“Foi assim que cheguei à tese do comunismo de decrescimento”, diz
filósofo japonês
Kohei Saito, filósofo marxista japonês que se
voltou para a ecologia motivado pela catástrofe de Fukushima, ganhou grande notoriedade
internacional com o seu trabalho sobre o comunismo de decrescimento. Nesta
entrevista ao Green European Journal, Saito explica o que
o socialismo e o ambientalismo podem aprender um com o
outro e o motivo pelo qual o Japão, economicamente estagnado e devastado
por uma pandemia, acabou sendo um território fértil para as ideias decrescentistas.

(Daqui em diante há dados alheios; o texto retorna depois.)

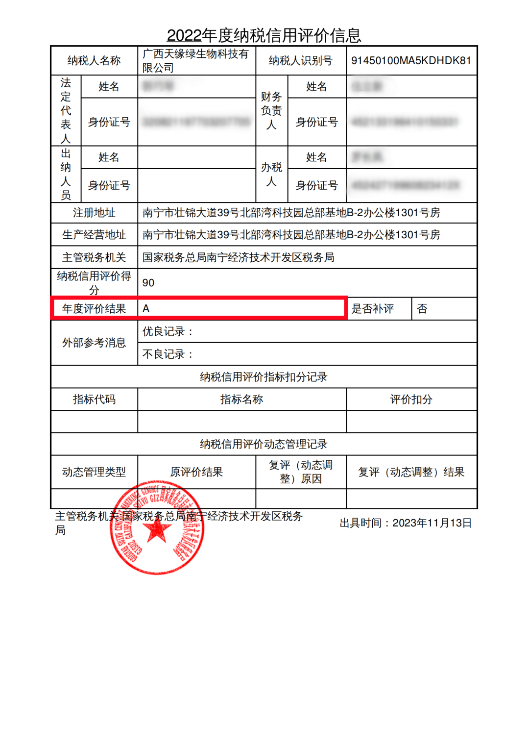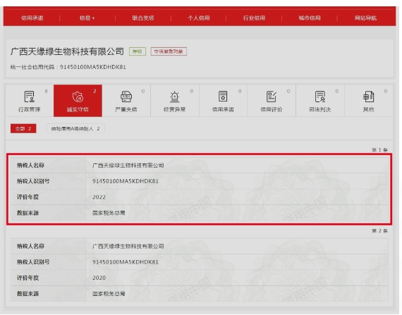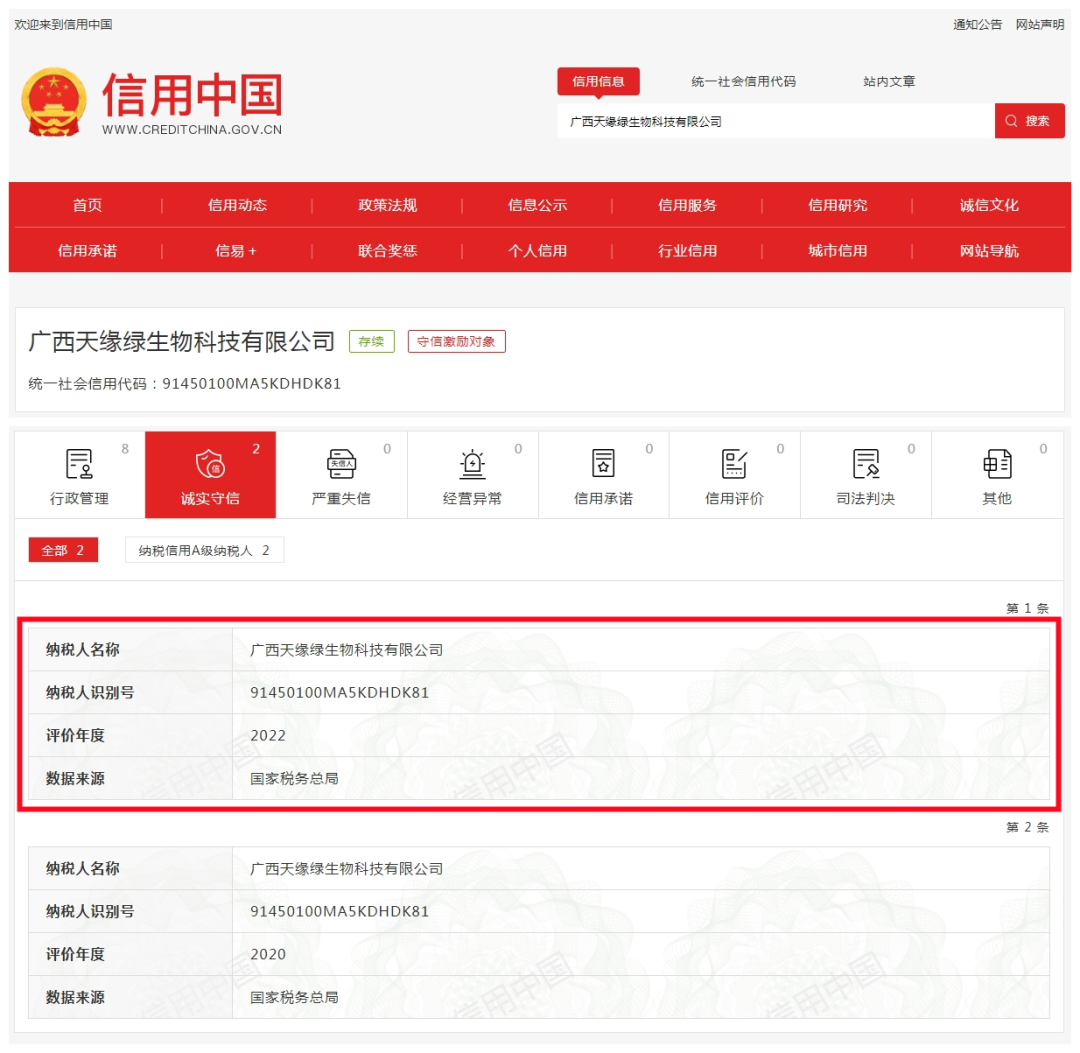 喜报!广西天缘绿科技集团母公司获评2022年度纳税信用A级纳税人

O Capital no Antropoceno, publicado no Japão em
2020, alcançou um sucesso sem precedentes. A previsão é que Slow Down:
The Degrowth Manifesto seja publicado em inglês, em inícios de 2024.
<<<< Eis a entrevista.
·
Como passou a se interessar por Marx e depois pelo comunismo de
decrescimento?
Descobri as obras de Marx e Engels aos 18 anos, quando comecei meus estudos na Universidade de
Tóquio, em grupos de estudantes que lutavam para proteger os trabalhadores
jovens. Inicialmente, fiquei mais interessado na exploração da classe
trabalhadora e depois cada vez mais pela desigualdade em geral,
depois que a crise de 2008 agravou a situação
no Japão. Marx havia alertado justamente a respeito destes
problemas, que só ganhariam mais importância no futuro. Então, decidi me mudar
para a Alemanha para continuar estudando Marx.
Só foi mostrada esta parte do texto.